Weiwen Ng, ANZ Research:
"We remain cautious on Singapore's growth. The risk of external weakness spilling into domestic activity -if materialise- will continue to be a drag on the labour market, muting both growth and inflation outlook."
"Policy support needs to step up to counteract the waning momentum in domestic activity as well the absence of an external led demand. Already, Singapore is leaning in heavily on its fiscal levers with an expansionary stance, with an estimated impulse at slightly more than 1.0 per cent of GDP."
"With MAS's policy complicated by the strength in the S$NEER, there is still space for subsequent off-budget fiscal measures should the economic outlook deteriorate further."

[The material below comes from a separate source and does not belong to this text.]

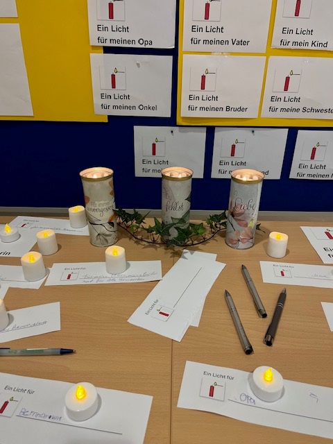 An verschiedenen bunten Stationen konnten die Teilnehmenden auf vielfältige Weise der Verstorbenen gedenken– etwa durch Malen, das Entzünden von Kerzen, das Schreiben von Briefen oder kleine Rituale wie Seifenblasen steigen lassen.

"Interestingly, there are some parallels in the policy response now similar to the 2008-09 Global Financial Crisis (GFC). The increase in public sector capex support- evident in the recent surge in government construction contracts awarded- would help mitigate the softer private sector residential construction activity. Notably, this was also the case during the GFC, which incidentally coincided with a period of neutral FX policy. While this is growth supportive, this is unlikely to sustain an acceleration in growth. Hence, sluggish GDP momentum ahead is inevitable for Singapore on account of the ongoing regional trade recession, China's waning growth momentum as well as Brexit uncertainties."
Philip McNicholas, BNP:
"Superficially, Singapore's advance estimate of Q2 GDP growth was in line with consensus but slightly weaker than our forecast. Yet, upward revisions to Q1 services output, more than compensating for cuts to prior manufacturing and construction estimates, indicate a stronger platform for 2016 growth than previously thought. This stands the city-state in good stead to weather any external growth pressures."
"Moreover, with core consumer price index (CPI) set to accelerate back toward 2 per cent y-o-y on average in 2017, arguments for the Monetary Authority of Singapore (MAS) to re-centre the SGD nominal effective exchange rate (NEER) policy band lower appear stretched. Consequently, we retain our call for policy settings to be unchanged in October."